Almost every classic poet has the topographical sense; he swarms with proper names and allusions to history and fable; if an epithet is to be thrown in anywhere to fill up the measure of a line, he chooses instinctively an appellation of place or family; his wine is not red, but Samian; his gorges are not deep, but are the gorges of Hæmus; his songs are not sweet, but Pierian. We may deride their practice as conventional, but they could far more justly deride ours as insignificant. Conventions do not arise without some reason, and genius will know how to rise above them by a fresh appreciation of their rightness, and will feel no temptation to overturn them in favour of personal whimsies. The ancients found poetry not so much in sensible accidents as in essential forms and noble associations; and this fact marks very clearly their superior education. They dominated the world as we no longer dominate it, and lived, as we are too distracted to live, in the presence of the rational and the important.

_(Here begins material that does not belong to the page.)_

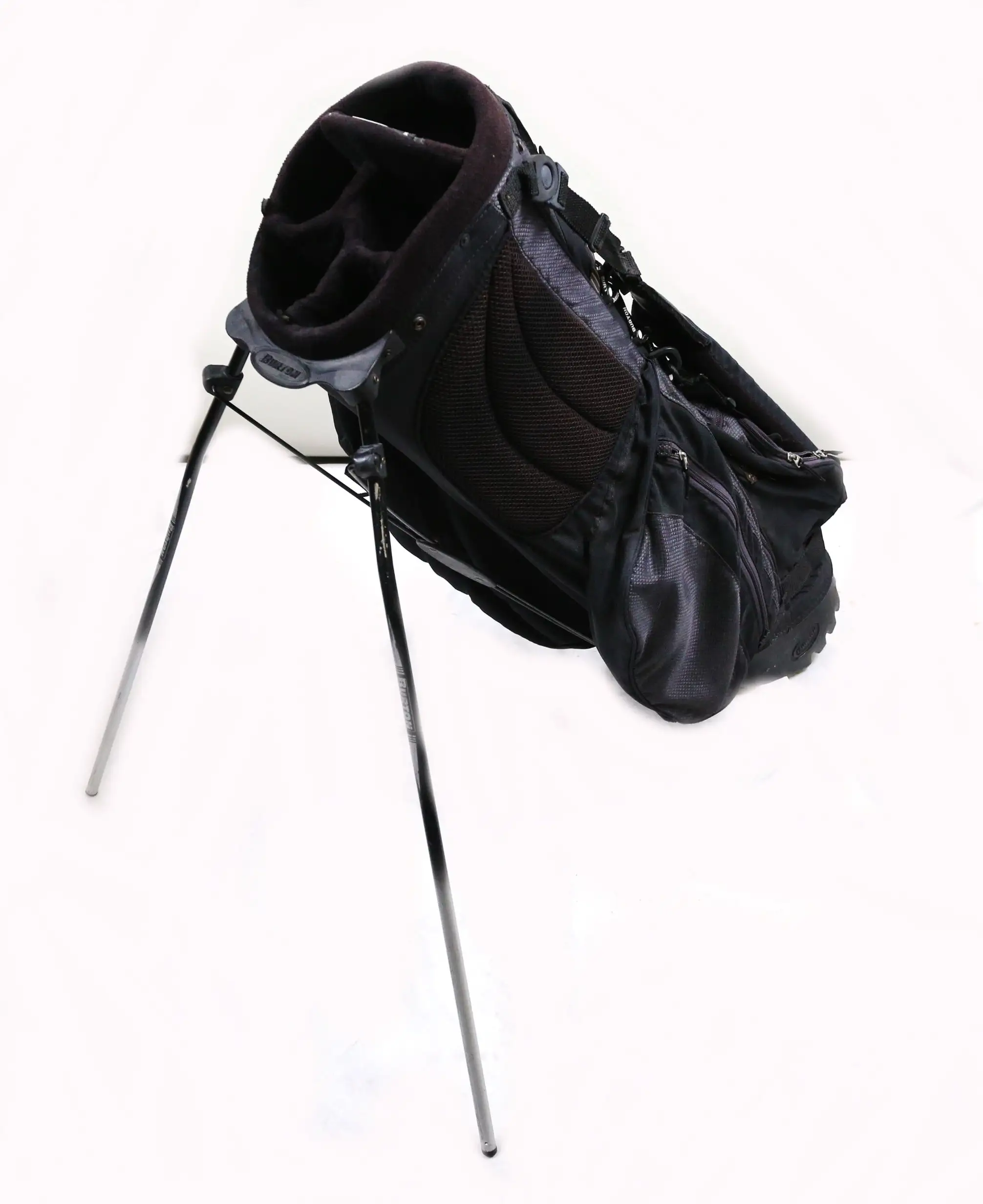 GOOD – This golf bag is in good condition. There is average wear on the exterior of the bag from regular use. The bag is sturdy and the zippers are fully functional and have some wear from regular use and storage.

A physical and historical background, however, is of little moment to the poet in comparison with that other environment of his characters,—the dramatic situations in which they are involved. The substance of poetry is, after all, emotion; and if the intellectual emotion of comprehension and the mimetic one of impersonation are massive, they are not so intense as the appetites and other transitive emotions of life; the passions are the chief basis of all interests, even the most ideal, and the passions are seldom brought into play except by the contact of man with man. The various forms of love and hate are only possible in society, and to imagine occasions in which these feelings may manifest all their inward vitality is the poet's function,—one in which he follows the fancy of every child, who puffs himself out in his day-dreams into an endless variety of heroes and lovers. The thrilling adventures which he craves demand an appropriate theatre; the glorious emotions with which he bubbles over must at all hazards find or feign their correlative objects.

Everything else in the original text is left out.